Republican Sen. Joni Ernst of Iowa on Dec. 5 released a report criticizing current workplace practices, particularly remote work. Ernst was appointed as the chair of the newly formed Senate Department of Government Efficiency (DOGE) Caucus, a caucus that collaborates with an advisory group led by Elon Musk and Vivek Ramaswamy to reduce government waste.
According to the report, only 3% of the federal workforce teleworked daily before the COVID-19 pandemic. Ernst claims that now just 6% of federal employees work in-person full-time, while nearly one-third are entirely remote. She has reiterated this claim on Fox News.
Various news outlets and Sean Hannity have also shared the 6% statistic.
A VERIFY reader texted us asking if it’s true that only 6% of federal employees work in person full-time.
THE QUESTION
Is it true only 6% of federal employees work in person full-time?
THE SOURCES
THE ANSWER
No, claims that only 6% of federal employees work in person full-time are false.
WHAT WE FOUND
Sen. Joni Ernst claims only 6% of federal employees report to an office, but an August report from the federal Office of Management and Budget (OMB) contradicts this. According to an OMB report from August 2024, 10% of federal employees work fully remotely and 54% worked fully on-site because their jobs required in-person presence.
There are 2.28 million federal government employees, OMB says.
The remaining 46%, about 1.1 million employees, were telework-eligible, meaning they could work remotely unless they chose to go into the office. Only 10% of employees were in fully remote roles, because they lacked a physical office to report to. According to the Office of Personnel Management (OPM), telework policies vary by federal agency and an arrangement is usually made between the employee and management on how often an employee can work remotely.

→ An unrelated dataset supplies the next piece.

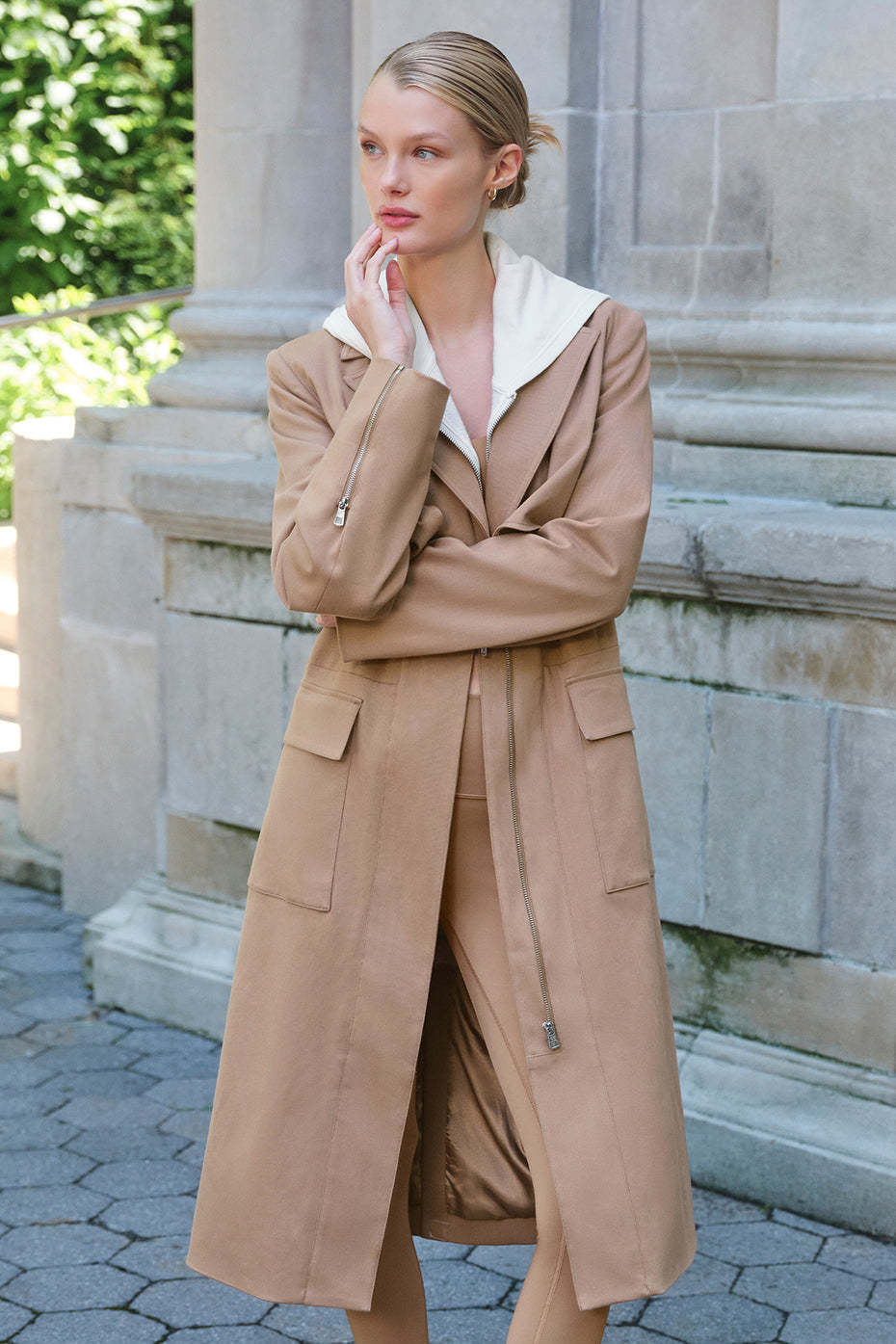 Classic with a cool twist, the Formation is the trench you’ve been searching for. The main silhouette is standard, with notched lapels, storm flaps, flap pockets and a softly structured, slightly stretchy cotton-blend fabric. But the best part? The flattering, contrasting waist panel that highlights the figure and makes this trench feel totally fresh. Leave the front zipper undone for a more laid-back vibe (with a workout set), or zip it up for a more tailored look that works from day to night.

Ernst’s 6% figure came from a survey conducted by the Federal News Network (FNN), which publishes news and analysis impacting federal employees, not official data. The study relied on self-reported and self-selected responses from 6,338 people who said they were federal employees. After Ernst’s report citing FNN’s study was released, the article was updated with an editor’s note explaining the data’s limitations and including OMB’s actual figures.
“Editor’s Note: This story was updated on Dec. 6 to clarify that the survey was a non-scientific survey of respondents who self-reported that they are current federal employees, and who were self-selected. The story was also updated to include the latest OMB data on the actual amount of telework and onsite work being performed governmentwide. This Federal Report covers initial analysis of Federal News Network’s April 2024 return-to-office survey of federal employees. The story includes results for several of the survey’s questions, but not all of them,” the FNN article says at the top.
The survey aimed to “gauge [federal employees] perspectives on recent return-to-office changes at their agencies,” the FNN article says.
“Of the survey respondents, about 30% said they work entirely remotely, 6% work entirely in-person and 64% were working on a hybrid schedule — a mix of in-person work and telework. The breakdown of telework versus onsite work for survey respondents differs significantly from the actual breakdown for the federal workforce overall,” the FNN article says.
Elon Musk has also claimed “the number of government workers who show up in person and do 40 hours of work a week is closer to 1%.” The OMB report disproves that as well.
The report says that, excluding those required to work remotely, 79.4% of working hours were spent in-person. For workers in hybrid roles – those splitting time between the office and remote settings – 61.2% of working hours were spent in-person.
The American Federation of Government Employees (AFGE) criticized the inaccurate telework statistics being recently shared, accusing “members of President-elect Trump’s transition team” of using misleading data to justify privatizing federal jobs.
“Exaggerating the number of federal employees who telework and portraying those who do as failing to show up for work is a deliberate attempt to demean the federal workforce and justify the wholesale privatization of public-sector jobs,” the AFGE says.
VERIFY reached out to Ernst’s office for comment, but did not hear back at the time of publication.